When is persistence especially useful? - When running an analysis that requires a very lengthy initialization (i.e., package installation).
- When running a notebook that expects a certain input from the Cloud Environment. For example, this Encode tutorial downloads results created by one of its workflows into the Jupyter Cloud Environment for further analysis.
- Whenever you want to save your outputs/results, either to keep them organized or because some outputs are used in other parts of your analysis.

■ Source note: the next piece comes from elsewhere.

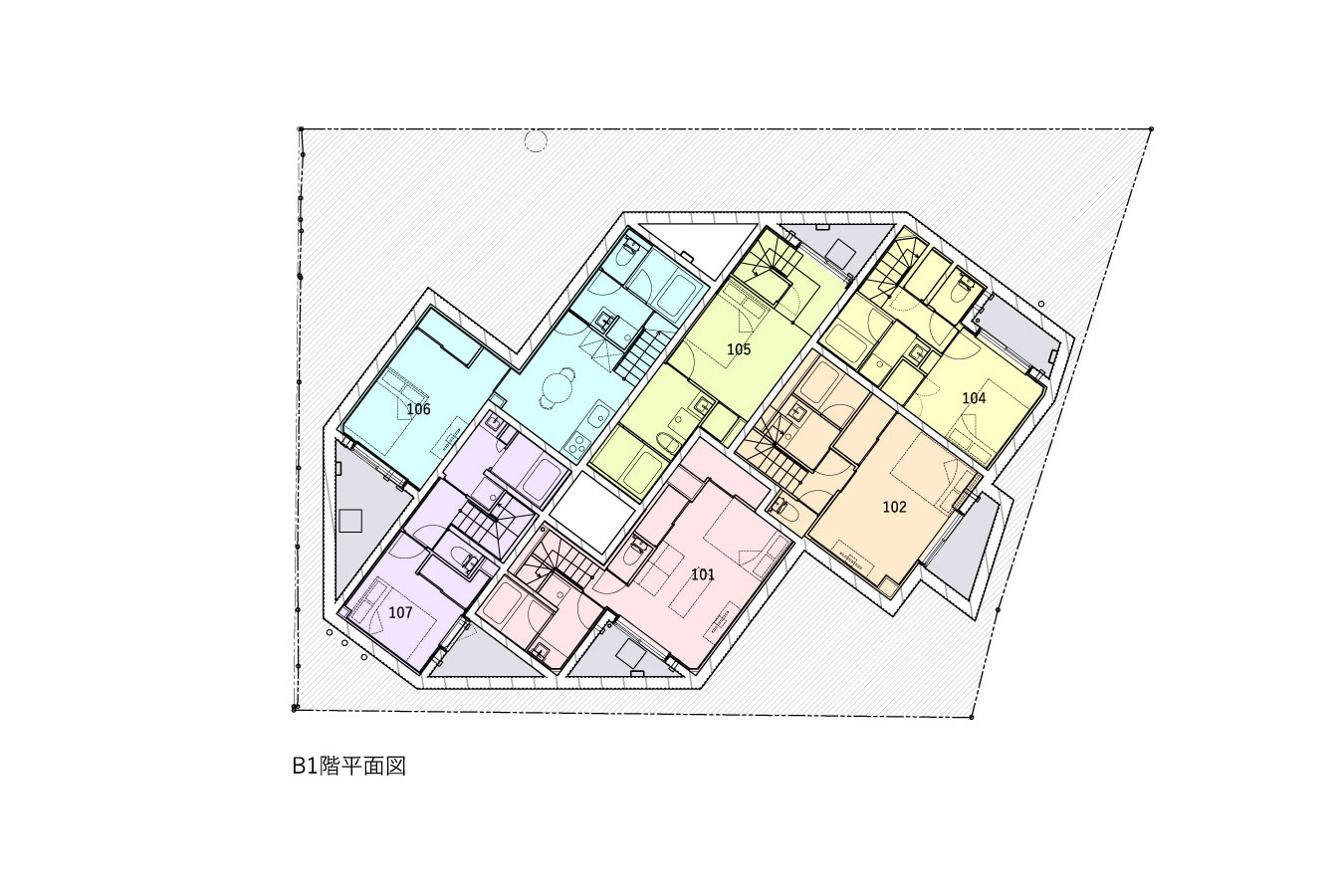 黒川智之建築設計事務所による、東京・渋谷区の「広尾の集合住宅」。“成熟した住宅地”での計画。都市の密度と良好な住環境の両立を求め、“雁行する平面”と“壇状の断面”でヴォリュームを分節する建築を考案。採光や眺望などの空間的豊かさを創出しつつ周辺への圧迫感も軽減地下1階平面図 image©黒川智之建築設計事務所
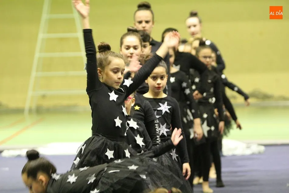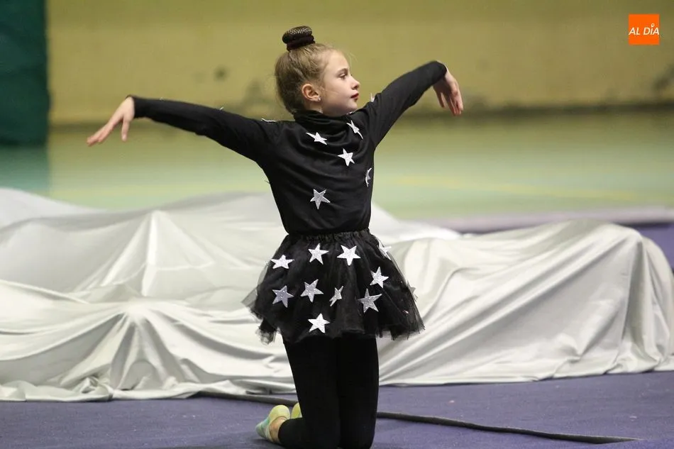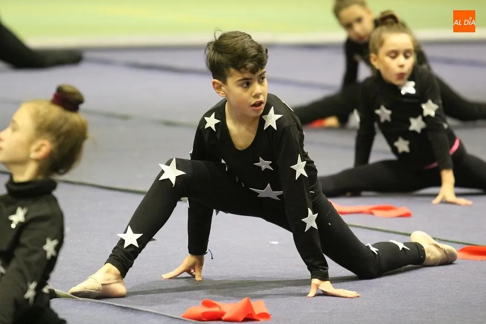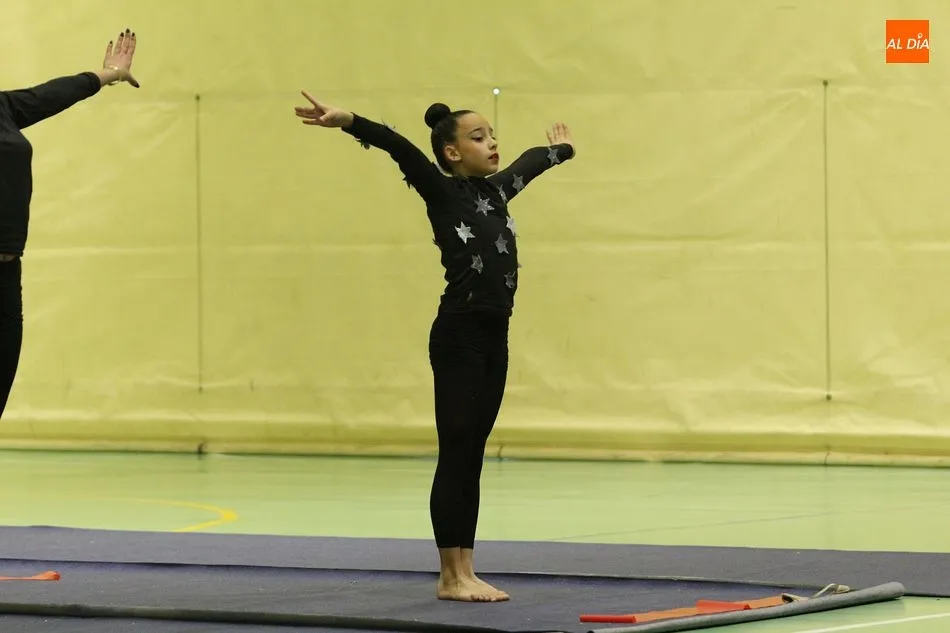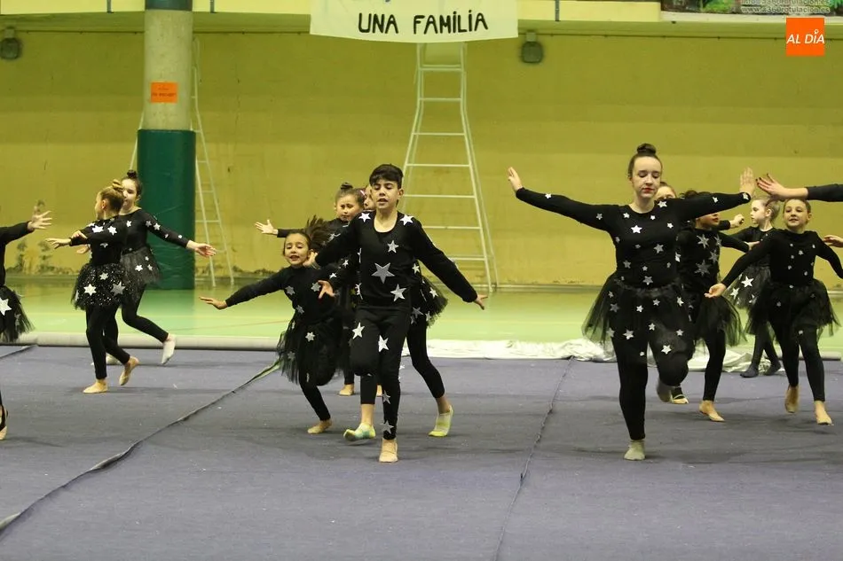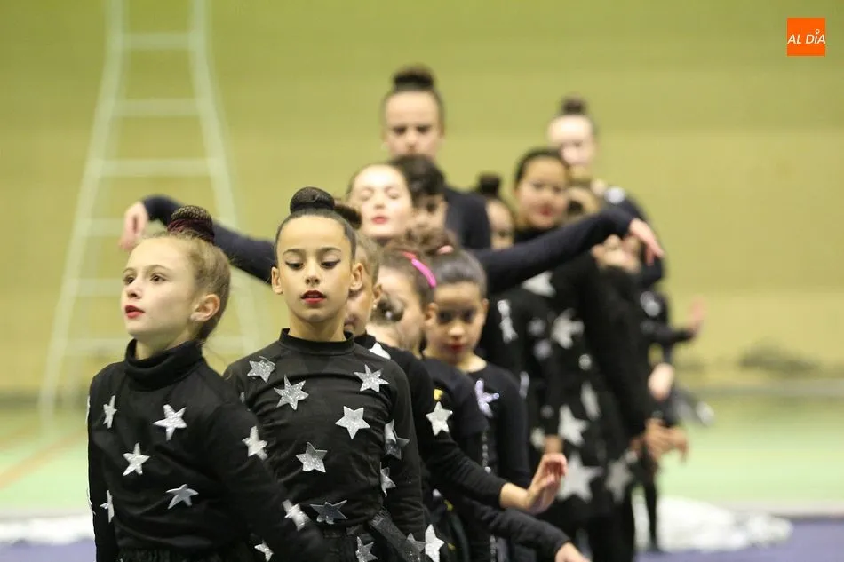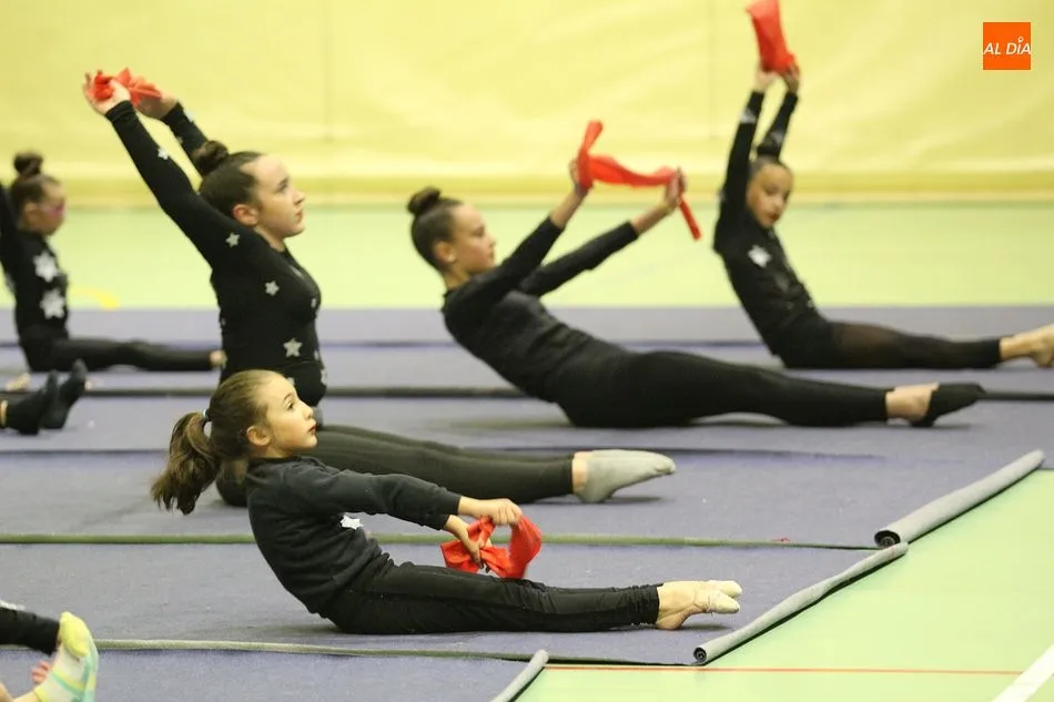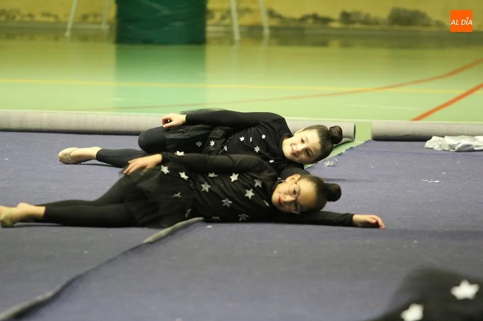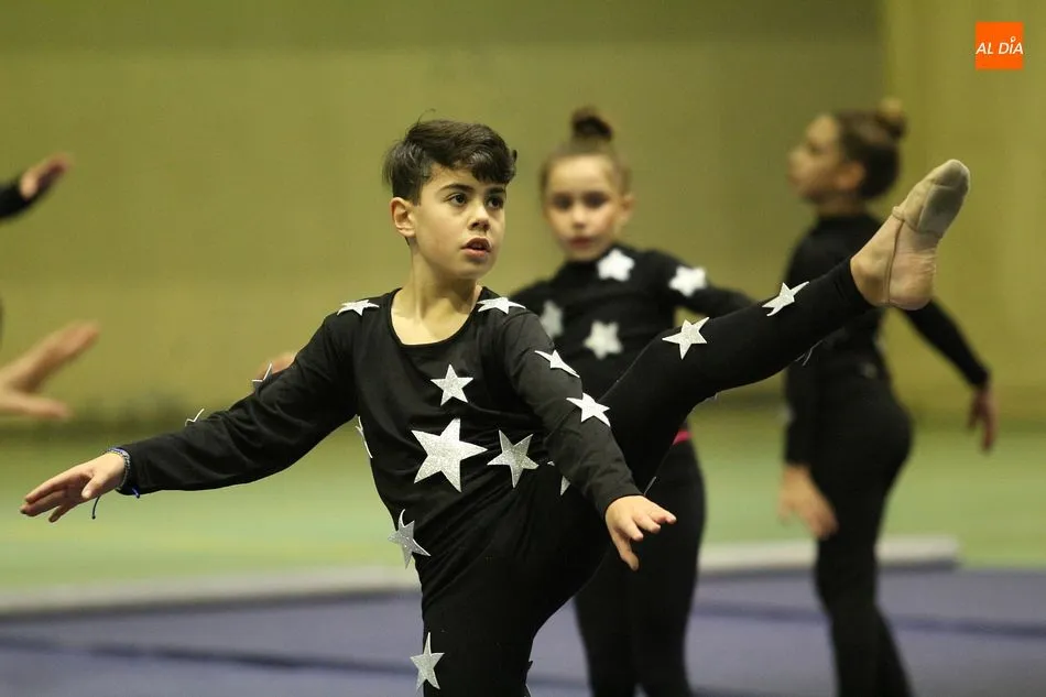 La escuela de gimnasia rítmica de Guijuelo ha ofrecido esta tarde una exhibición de Navidad en el pabellón municipal de deportes. En torno a 150 personas se han dado cita entre el público para ver a las jóvenes gimnastas realizar varios ejercicios, comenzando con unos calentamientos y más tarde un ejercicio conjunto para el grupo de pequeñas, que debutaba ante el público y a continuación las mayores.

Scenarios when you might need to delete or re-create the Cloud Environment:
Persistence is also useful when you need to delete or re-create the Cloud Environment but want to save the progress on your analysis. This is necessary in the following situations:
- To make certain types of changes to the Cloud Environment. Some types of changes to the compute profile cannot be updated within an existing VM (e.g. adding GPUs), and if you want to use the data in your PD with such a configuration, you will need to delete the existing VM and create a new one.
- To run your notebook with the latest updates described in our release notes. Our Notebooks Best Practices guidelines suggest recreating Cloud Environments regularly for this reason).

Comments

2 comments

Nicole Deflaux
- Edited January 21, 2021 19:59
Sometimes `pip install --upgrade <pkg>` does not work successfully and people need to troubleshoot.

Now that package installs are written to the Terra detachable persistent disk, one approach is to delete and recreate that disk to troubleshoot BUT it's easy to forget that you have some important files on that disk, then delete it during a troubleshooting session and regret the deletion.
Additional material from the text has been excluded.